Start of Extracted entries

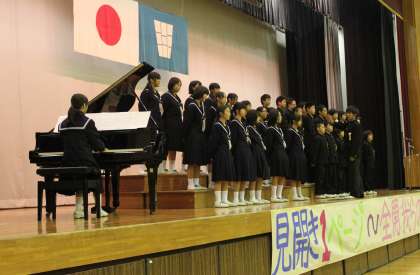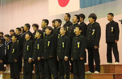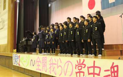 文化祭2日目の合唱コンクールが行われました。どのクラスも美しい歌声を響かせていました。特に,3年生の合唱は立派な仕上がりで,どのクラスも僅差だったそうです。各学年の最優秀賞は,1年C組,2年A組,3年D組でした。(一)
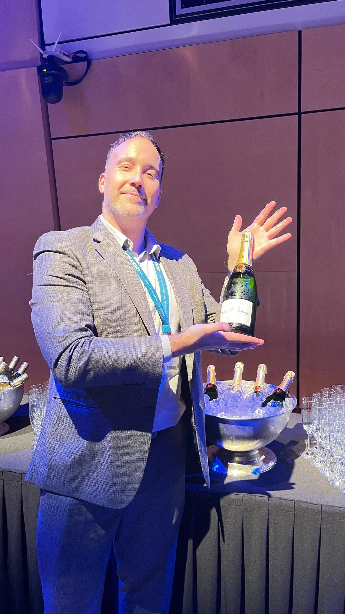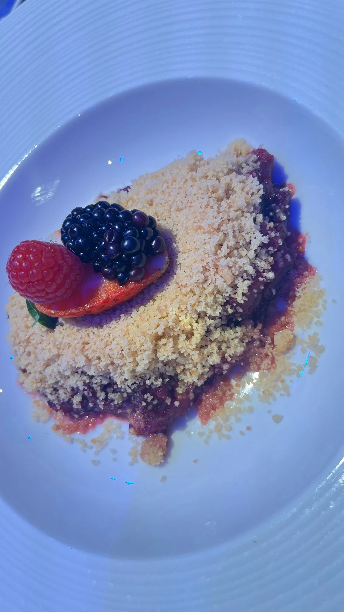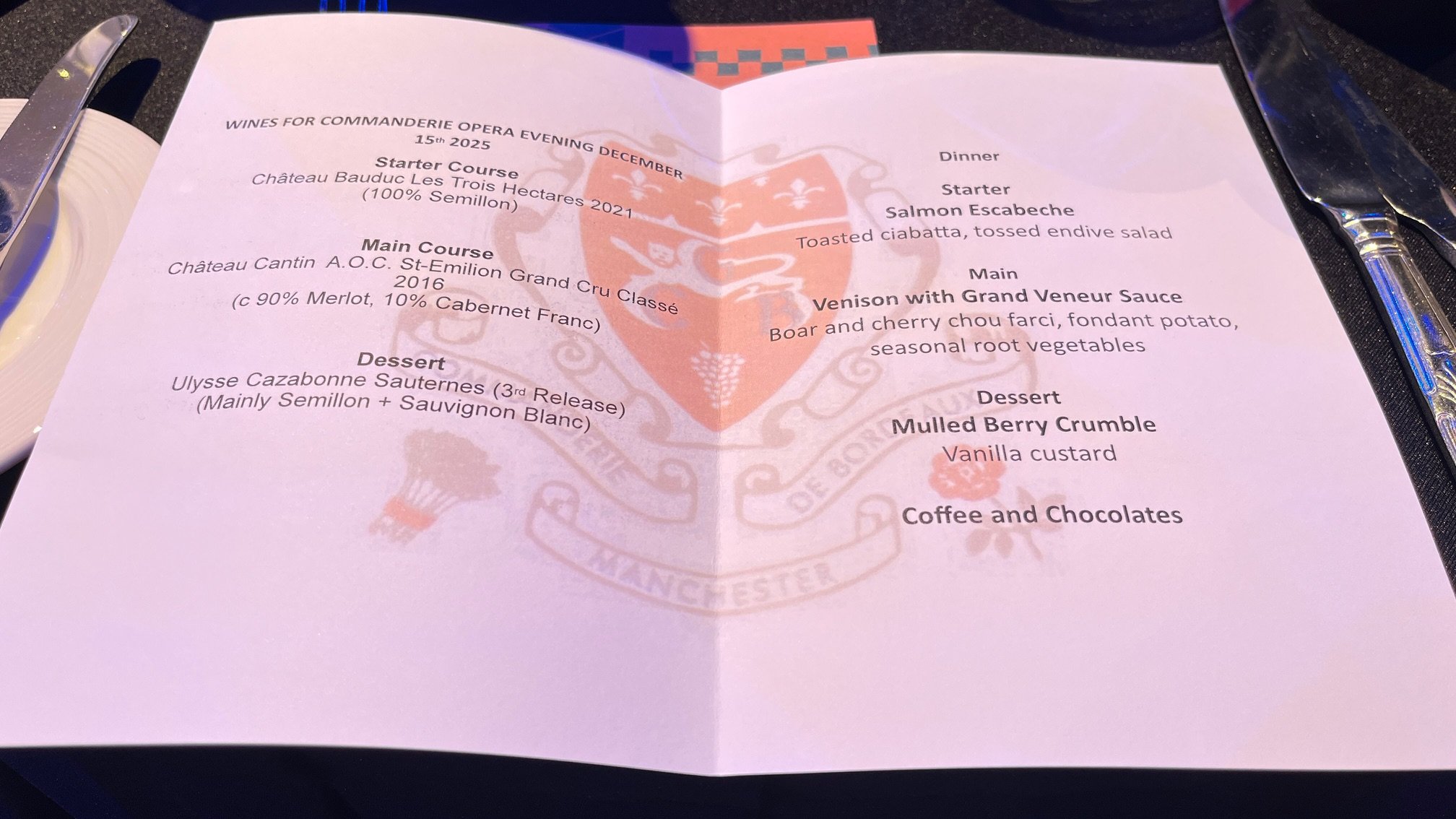 The first half seemed to fly by so we must have been enjoying ourselves, and it was time to return the Carol Nash Suite for our dessert. This was Mulled Berry Crumble with traditional Vanilla Custard. Once again a beautifully executed dish. The accompanying wine was The Wine Society Sauternes 3rd release from Ulysse Cazebonne. This matched perfectly and some commandeurs took their wine into the second half due to the short time.
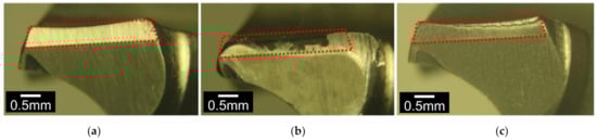 Optical images of cutting-edge areas of the pins: (a) as received new pin, (b) untreated, and (c) C3T660-5PdAg treated pins after insertion test with SAWBONES® cortical bone plates.
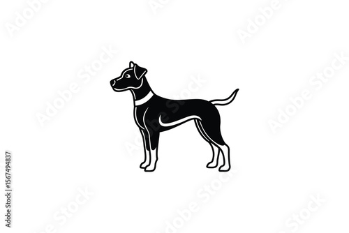 © Likhon, Obraz premium Elegant Black Dog Silhouette with Collar on White Background Illustration
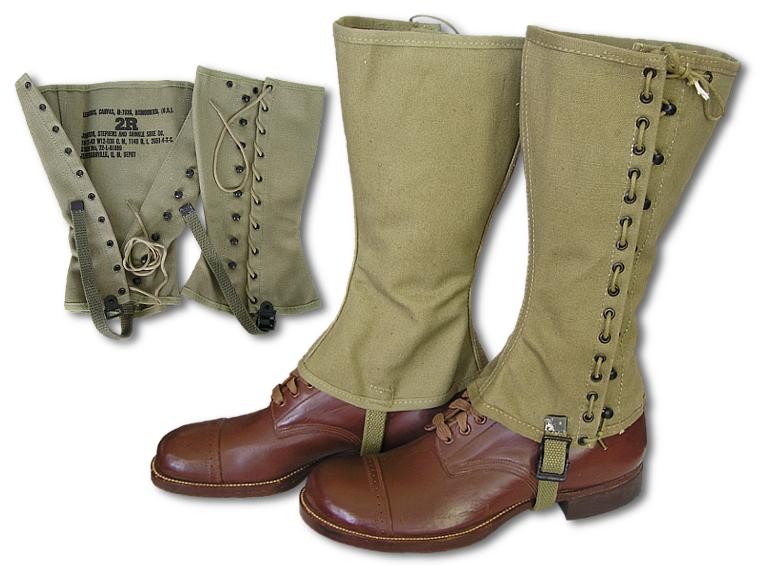 这三种类型军靴都要搭配M1938橄榄色下(车)帆布绑腿(M1938 olive drab dismounted canvas leggings)。
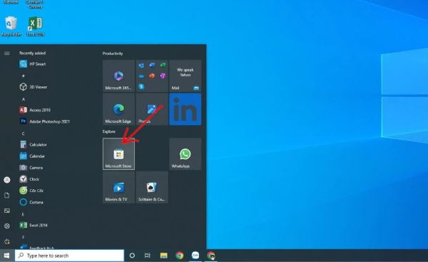 Bước 1: Mở ứng dụng Microsoft Store trên máy tính bằng cách bấm vào biểu tượng Windows tại góc dưới bên trái màn hình.
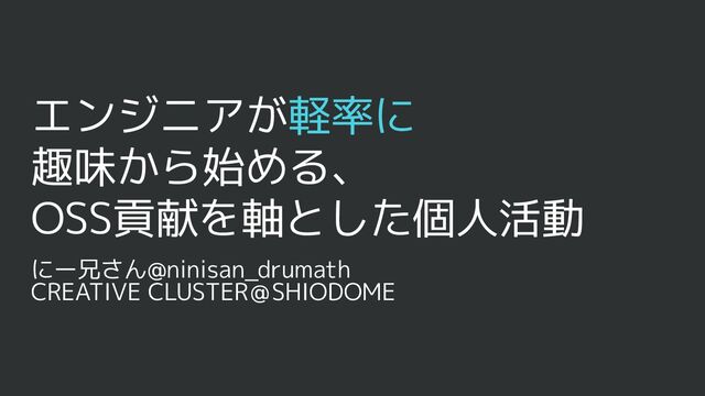 エンジニアが軽率に 趣味から始める、 OSS貢献を軸とした個人活動 にー兄さん@ninisan_drumath CREATIVE CLUSTER@SHIODOME
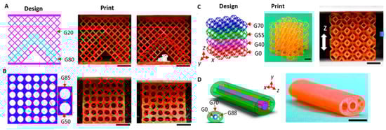 Design and print of graded metamaterial via g-DLP for multifunctional applications, including 2D lattice and cellular metamaterial for: (A) Controlled buckling; (B) pattern transformation; (C) 3D lattice metamaterial; (D) the design and print part of a limb-mimic structure. Scale bars, 1 cm. (Adapted with permission from reference []).
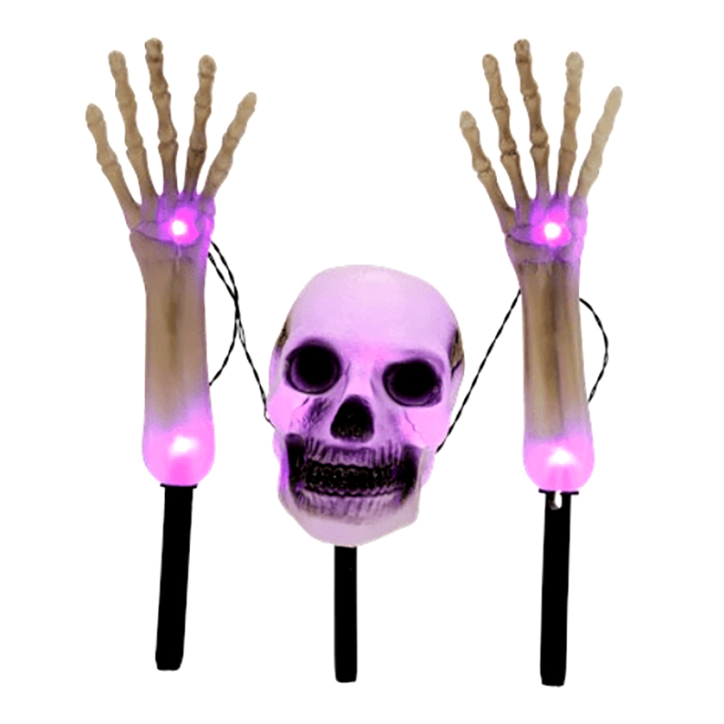 Lebku zapichnete do zeme a vedľa nej zapichnete ruky. Túto dekoráciu môžete zapnúť a bude svietiť, čo je ideálne na večer keď je tma. Vaša lebka s rukami tak bude takto vynikať na záhrade alebo pred domom aj počas tmavých večerov či nocí.
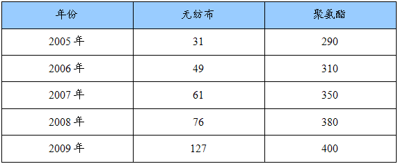 医用高分子夹板上游主要原材料无纺布产量增长统计表

End of Extracted entries

Exercise:
What you return from the records above should be exactly everything from the line with "White Background Illustration" down to the line with "エンジニアが軽率に 趣味から始める、 OSS貢献を軸とした個人活動", both kept, and no pictures.

Response area:
 © Likhon, Obraz premium Elegant Black Dog Silhouette with Collar on White Background Illustration
 这三种类型军靴都要搭配M1938橄榄色下(车)帆布绑腿(M1938 olive drab dismounted canvas leggings)。
 Bước 1: Mở ứng dụng Microsoft Store trên máy tính bằng cách bấm vào biểu tượng Windows tại góc dưới bên trái màn hình.
 エンジニアが軽率に 趣味から始める、 OSS貢献を軸とした個人活動 にー兄さん@ninisan_drumath CREATIVE CLUSTER@SHIODOME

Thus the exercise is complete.